Overall Rating: 7.3
This would be a par episode if not for the interesting character developments involving Rush.
Destiny is on its' last legs. Literally. The ship has no back-ups for any of its' key systems after the battle with the Cylons...er...drones..yes, that's it. (heh) Rush desperately wants to continue the mission on Destiny, but Young - having sized up the odds of survival and taken recommendations from around the crew, concludes that they should try Eli's bold plan to dial Earth while Destiny is refueling inside a star. Rush thinks the risk of subspace techobabble explosions is great enough to call the idea "genius, but impossible." So, of course, they take this plan to the SGC where the eggheads conclude that the math is sound and Young gets a "go" to get him people home before the ship falls apart. Crestfallen, Rush asks Young for one favor - he wants to stay behind and he wants Young to give the crew a chance to choose to stay with him. He needs 12 people in all to keep the ship flying. Young chooses to give Rush the chance to make his pitch and even offers his own support (he'll stay behind too if they get 10 volunteers).
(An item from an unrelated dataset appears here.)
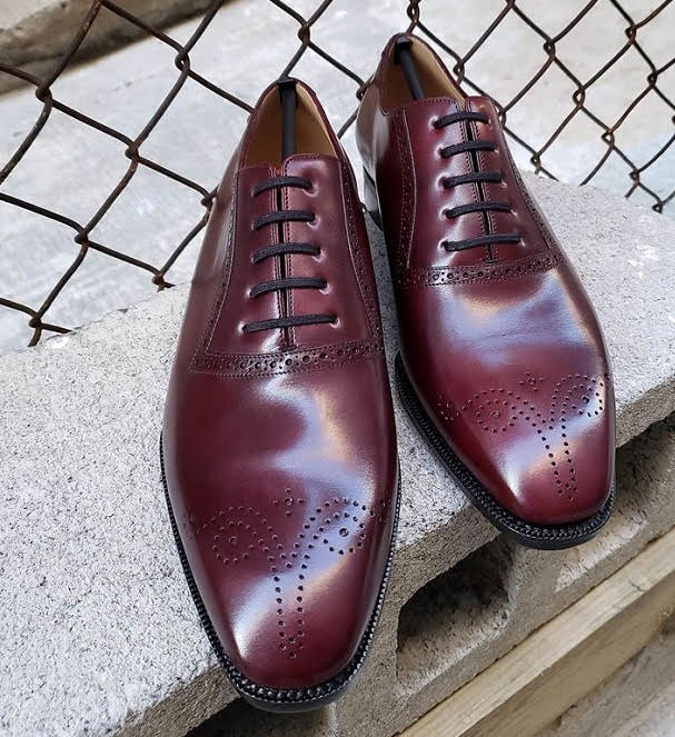 Handmade Men High Personality Burgundy Oxford Brogue Lace Up Formal Shoes For Men In Genuine Leather

Surprisingly, though everyone is all abuzz about the prospect of going home, Rush makes his pitch and, over the roars of cowardice of Colonel Telford, he gets his volunteers - including Chloe, Eli, Greer (that one even surprised me, considering how much Greer doesn't like Rush), and Volker. But, while the rest of the crew is preparing to go home, Destiny intercepts a distress call from...Dr. Rush! It seems subspace technobabble explosions have indeed caused Rush to go back into the past along with the rest of Destiny in the attempt to dial the ninth chevron, and, after getting medical treatment, Rush explains that the mission was a total failure. Everyone except Telford died passing through the wormhole because it was too unstable despite Rush's best efforts. The connection not only sends Destiny into the past...it also cripples her and causes her orbit around the star to decay to the point that it will eventually fall into the sun.
Rush #2 does, however, convince the rest of the team to go over to the failing Destiny #2 and salvage as much of the technology as they can. They grab back-up power cells, plants, medical supplies, weapons, scientific equipment, food, back-up/spare parts for key systems that haven't been destroyed, etc. During the slash-and-grab, however, Telford decides to confront Rush #2, saying no one buys his story about heroically holding open the gate. In the ensuing argument, Rush accidentally knocks Telford into a power conduit, electrocuting him into a fine piece of human jerky. So disturbed by these events is Rush that he refuses to come back with rest of Destiny's crew while the ship explodes around him. Instead, he goes to the ancient control chair and, after chatting about how he has nothing left to lose with Rush #1, he sits and is consumed the same way that we saw at the end of season one - just before Destiny #2 falls into the star.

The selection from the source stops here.